MolmoAct achieves the highest Elo ratings in both open-ended instruction following and visual trace generation, outperforming Gemini-2.5-Flash, GPT-4o, HAMSTER, SpatialVLA, and OpenVLA. Human evaluators consistently prefer MolmoAct’s execution traces and spatial reasoning. Figure 7

Figure 7: Line steerability evaluation, with MolmoAct achieving the highest Elo ratings and superior qualitative visual trace predictions.

Figure 8

Figure 8: Language instruction following, with MolmoAct’s execution traces more closely aligning with intended instructions than competing models.

Interactive Policy Steering

MolmoAct’s visual trace interface enables precise, interactive policy steering, outperforming language-only steering by 33% in success rate and achieving a 75% success rate in ambiguous scenarios. This dual-modality control enhances both explainability and user interaction. Figure 9

Figure 9: Steerability evaluation, showing the effectiveness of visual trace steering in correcting and guiding robot actions.

Theoretical and Practical Implications

MolmoAct’s explicit spatial reasoning pipeline advances the field by bridging the gap between high-level semantic reasoning and low-level control in embodied agents. The model’s architecture enforces interpretability and enables direct user intervention at the planning stage, addressing the opacity and brittleness of prior VLA models. The demonstrated data efficiency—achieving state-of-the-art results with significantly less robot data—suggests that structured intermediate representations can mitigate the need for massive teleoperation datasets.

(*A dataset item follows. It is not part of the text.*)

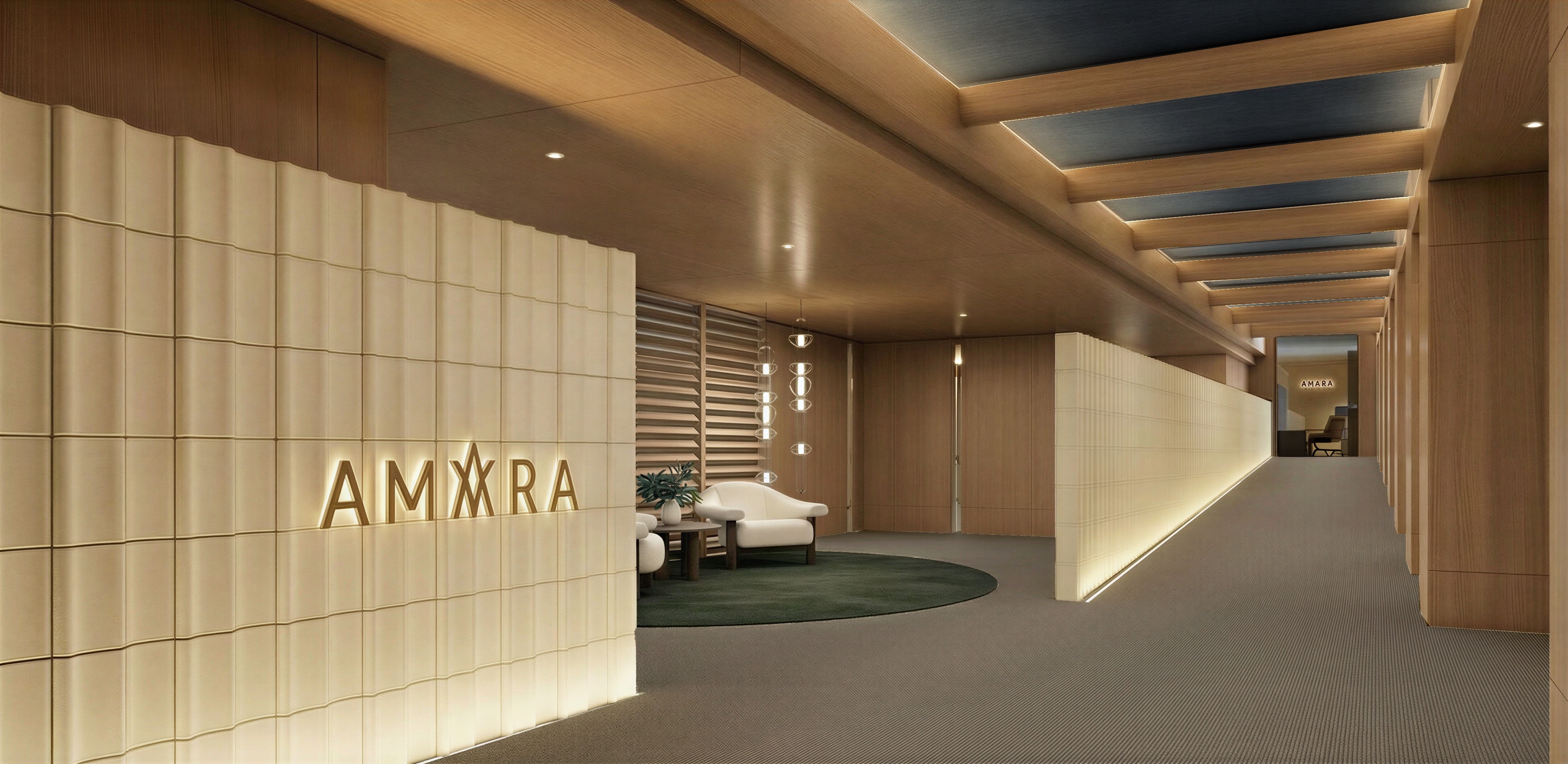 change the herring bone flooring to an off white multi loop level carpet brighten up the white tiles up to 30 create a matte finish for the wood help me change rug to blue colours this is a confined space no sunlight in the render

The open release of model weights, code, and the MolmoAct Dataset establishes a reproducible foundation for further research in action reasoning, spatial grounding, and interactive robot control. The approach is extensible to multi-embodiment and multi-modal settings, and the modularity of the reasoning chain supports future integration of additional spatial or semantic modalities.

Future Directions

Potential avenues for future research include:

  • Scaling the reasoning chain to incorporate richer 3D representations, semantic maps, or object-centric abstractions.
  • Extending the visual trace interface to support multi-agent or collaborative scenarios.
  • Investigating the integration of reinforcement learning or model-based planning atop the structured reasoning pipeline.
  • Exploring transfer to non-robotic embodied domains, such as AR/VR agents or autonomous vehicles.

Conclusion

MolmoAct establishes a new paradigm for action reasoning in robotics, demonstrating that explicit, spatially grounded intermediate representations enable robust, explainable, and adaptable manipulation policies. The model’s strong empirical results, data efficiency, and open-source ethos provide a blueprint for the next generation of generalist embodied agents that reason in space.